What is being asked |
After locating the line that contains "내가 생계를 위해 일하는" in the data below, set down exactly that line and each one after it through the line that contains "Games' international dynamism.", and nothing more.

Working data |

Start of Block

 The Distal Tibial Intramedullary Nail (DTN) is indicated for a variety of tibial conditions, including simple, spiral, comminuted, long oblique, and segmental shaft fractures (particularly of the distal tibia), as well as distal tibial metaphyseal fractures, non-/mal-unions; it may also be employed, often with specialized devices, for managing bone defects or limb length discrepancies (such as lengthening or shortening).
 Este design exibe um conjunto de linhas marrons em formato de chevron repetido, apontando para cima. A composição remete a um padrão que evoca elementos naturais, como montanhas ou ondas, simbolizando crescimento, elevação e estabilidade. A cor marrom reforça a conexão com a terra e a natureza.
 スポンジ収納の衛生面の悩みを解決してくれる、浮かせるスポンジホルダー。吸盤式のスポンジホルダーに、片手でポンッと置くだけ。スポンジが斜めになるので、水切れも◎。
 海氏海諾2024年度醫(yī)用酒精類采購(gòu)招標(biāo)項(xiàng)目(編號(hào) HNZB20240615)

End of Block
Start of Block

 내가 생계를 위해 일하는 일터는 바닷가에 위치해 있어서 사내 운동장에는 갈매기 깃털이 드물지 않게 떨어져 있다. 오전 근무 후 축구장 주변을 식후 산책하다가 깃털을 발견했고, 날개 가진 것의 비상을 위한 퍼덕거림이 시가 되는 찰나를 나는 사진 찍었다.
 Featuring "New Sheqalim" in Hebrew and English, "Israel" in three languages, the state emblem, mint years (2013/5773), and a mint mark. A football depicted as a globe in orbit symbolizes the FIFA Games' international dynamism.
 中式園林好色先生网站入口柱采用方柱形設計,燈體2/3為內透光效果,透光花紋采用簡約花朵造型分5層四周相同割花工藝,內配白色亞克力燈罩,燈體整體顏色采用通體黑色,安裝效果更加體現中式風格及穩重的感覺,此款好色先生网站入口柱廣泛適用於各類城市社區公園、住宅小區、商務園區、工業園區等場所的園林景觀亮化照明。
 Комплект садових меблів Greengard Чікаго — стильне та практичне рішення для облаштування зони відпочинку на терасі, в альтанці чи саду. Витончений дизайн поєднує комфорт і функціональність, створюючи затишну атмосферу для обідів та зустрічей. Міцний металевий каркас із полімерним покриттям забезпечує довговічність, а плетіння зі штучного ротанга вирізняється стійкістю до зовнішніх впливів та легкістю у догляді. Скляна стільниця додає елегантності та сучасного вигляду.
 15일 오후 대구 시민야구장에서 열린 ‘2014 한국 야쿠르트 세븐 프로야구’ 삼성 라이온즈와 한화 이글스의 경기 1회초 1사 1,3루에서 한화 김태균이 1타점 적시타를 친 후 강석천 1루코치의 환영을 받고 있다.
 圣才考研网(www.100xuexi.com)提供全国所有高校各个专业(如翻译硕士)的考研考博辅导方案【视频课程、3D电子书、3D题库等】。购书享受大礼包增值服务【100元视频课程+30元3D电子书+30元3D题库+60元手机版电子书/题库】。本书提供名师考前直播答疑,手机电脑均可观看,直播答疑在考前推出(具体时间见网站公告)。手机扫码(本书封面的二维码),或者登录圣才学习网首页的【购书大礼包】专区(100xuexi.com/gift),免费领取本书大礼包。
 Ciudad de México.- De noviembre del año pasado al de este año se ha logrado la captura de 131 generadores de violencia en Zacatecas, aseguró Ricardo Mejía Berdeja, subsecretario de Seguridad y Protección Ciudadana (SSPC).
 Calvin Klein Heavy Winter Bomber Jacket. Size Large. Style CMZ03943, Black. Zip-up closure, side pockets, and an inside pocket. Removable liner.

End of Block

Output below |
 내가 생계를 위해 일하는 일터는 바닷가에 위치해 있어서 사내 운동장에는 갈매기 깃털이 드물지 않게 떨어져 있다. 오전 근무 후 축구장 주변을 식후 산책하다가 깃털을 발견했고, 날개 가진 것의 비상을 위한 퍼덕거림이 시가 되는 찰나를 나는 사진 찍었다.
 Featuring "New Sheqalim" in Hebrew and English, "Israel" in three languages, the state emblem, mint years (2013/5773), and a mint mark. A football depicted as a globe in orbit symbolizes the FIFA Games' international dynamism.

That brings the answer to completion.